Required work: Take the lines in the listing below from the line with "А как ты думаешь, о" up to and including the line with "目前按照國(guó)際標(b" and set them down exactly, skipping pictures and adding nothing.

Extracted entries:
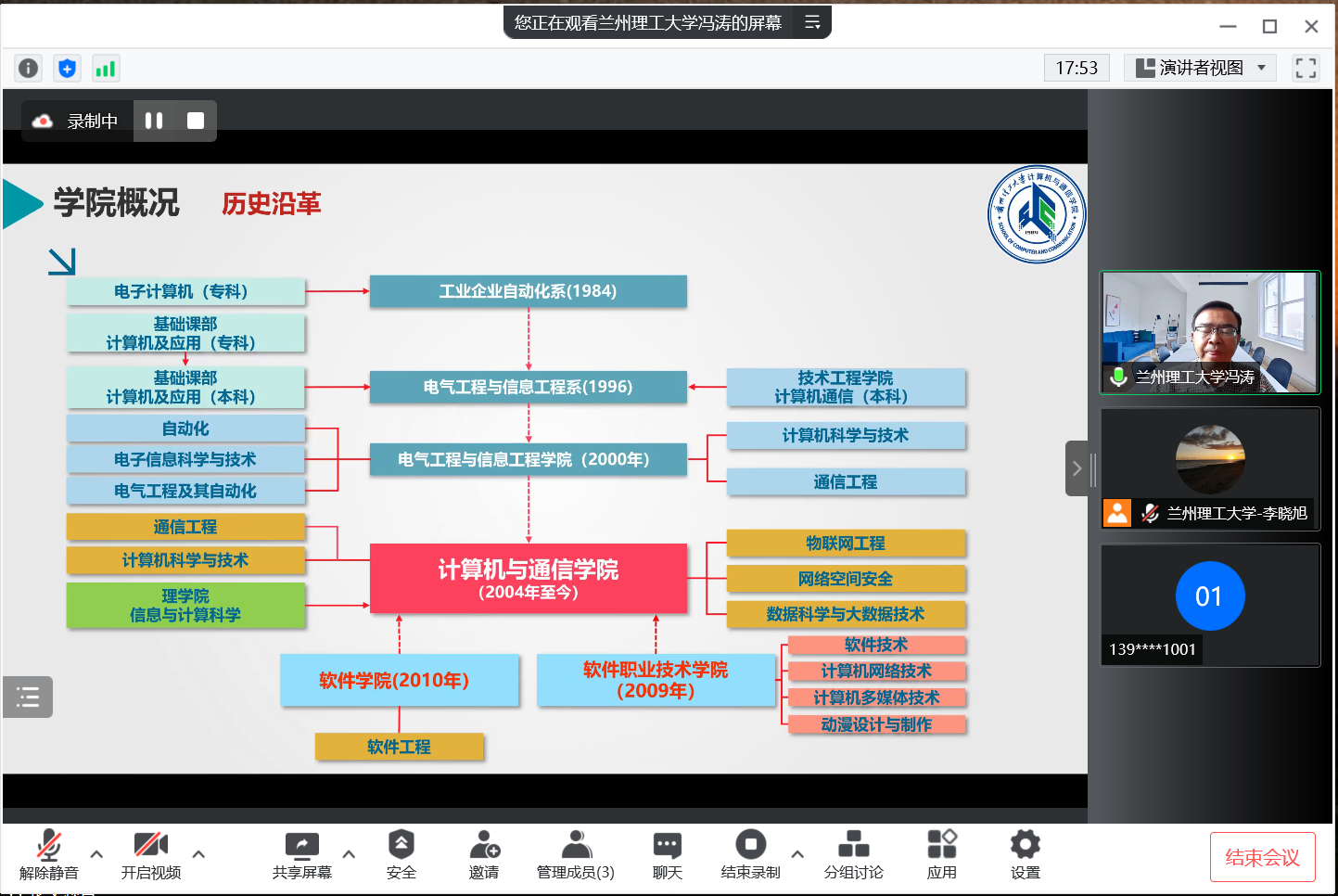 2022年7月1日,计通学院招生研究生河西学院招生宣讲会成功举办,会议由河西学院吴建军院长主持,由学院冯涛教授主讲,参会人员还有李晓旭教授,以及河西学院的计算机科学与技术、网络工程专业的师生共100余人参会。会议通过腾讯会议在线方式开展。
* * *
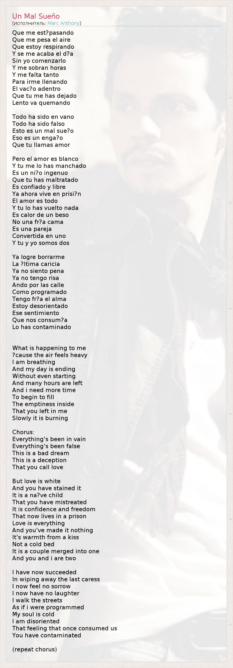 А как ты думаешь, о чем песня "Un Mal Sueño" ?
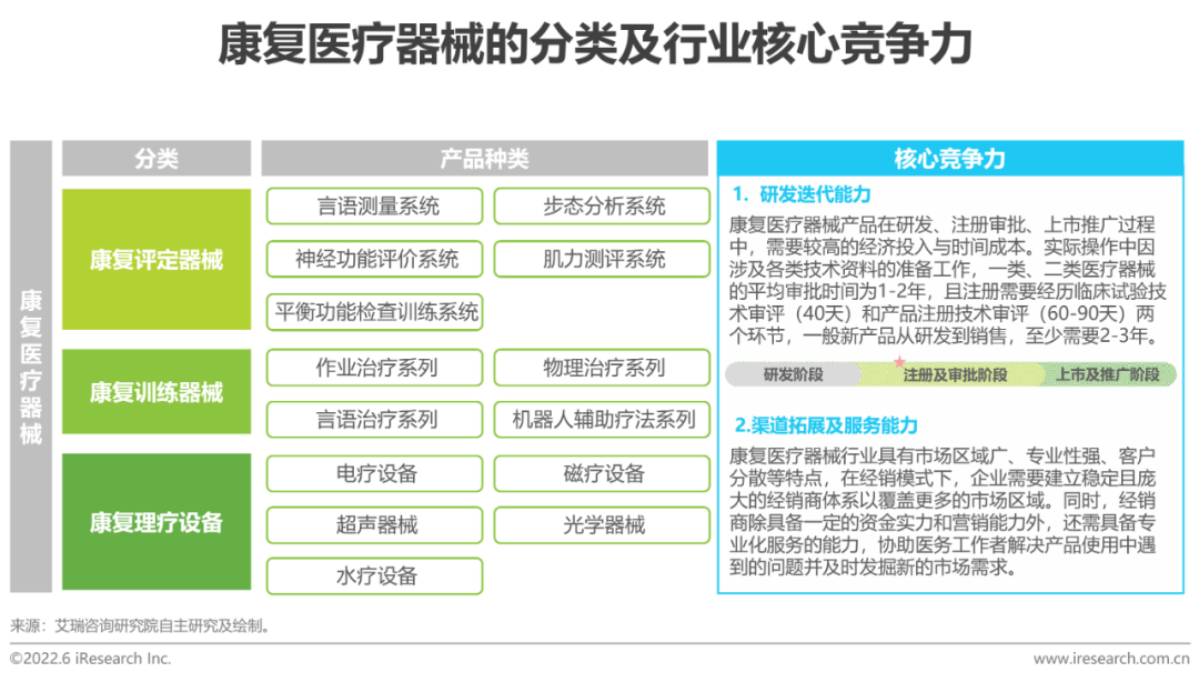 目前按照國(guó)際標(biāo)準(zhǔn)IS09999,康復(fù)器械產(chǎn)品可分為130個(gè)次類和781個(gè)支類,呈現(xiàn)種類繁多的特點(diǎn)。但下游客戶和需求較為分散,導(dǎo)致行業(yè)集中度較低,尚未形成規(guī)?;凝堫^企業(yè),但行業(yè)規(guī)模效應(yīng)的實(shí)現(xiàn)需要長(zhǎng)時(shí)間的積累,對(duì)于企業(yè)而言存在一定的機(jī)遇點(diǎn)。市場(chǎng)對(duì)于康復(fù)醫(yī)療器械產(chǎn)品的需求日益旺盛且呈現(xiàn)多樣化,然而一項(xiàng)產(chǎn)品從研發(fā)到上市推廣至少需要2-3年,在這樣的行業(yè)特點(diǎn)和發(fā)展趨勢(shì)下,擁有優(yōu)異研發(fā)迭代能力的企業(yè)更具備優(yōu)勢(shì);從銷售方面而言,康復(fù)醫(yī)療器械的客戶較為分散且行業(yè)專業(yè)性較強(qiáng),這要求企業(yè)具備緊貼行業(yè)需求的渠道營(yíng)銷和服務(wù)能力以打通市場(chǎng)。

Written response:
 А как ты думаешь, о чем песня "Un Mal Sueño" ?
 目前按照國(guó)際標(biāo)準(zhǔn)IS09999,康復(fù)器械產(chǎn)品可分為130個(gè)次類和781個(gè)支類,呈現(xiàn)種類繁多的特點(diǎn)。但下游客戶和需求較為分散,導(dǎo)致行業(yè)集中度較低,尚未形成規(guī)?;凝堫^企業(yè),但行業(yè)規(guī)模效應(yīng)的實(shí)現(xiàn)需要長(zhǎng)時(shí)間的積累,對(duì)于企業(yè)而言存在一定的機(jī)遇點(diǎn)。市場(chǎng)對(duì)于康復(fù)醫(yī)療器械產(chǎn)品的需求日益旺盛且呈現(xiàn)多樣化,然而一項(xiàng)產(chǎn)品從研發(fā)到上市推廣至少需要2-3年,在這樣的行業(yè)特點(diǎn)和發(fā)展趨勢(shì)下,擁有優(yōu)異研發(fā)迭代能力的企業(yè)更具備優(yōu)勢(shì);從銷售方面而言,康復(fù)醫(yī)療器械的客戶較為分散且行業(yè)專業(yè)性較強(qiáng),這要求企業(yè)具備緊貼行業(yè)需求的渠道營(yíng)銷和服務(wù)能力以打通市場(chǎng)。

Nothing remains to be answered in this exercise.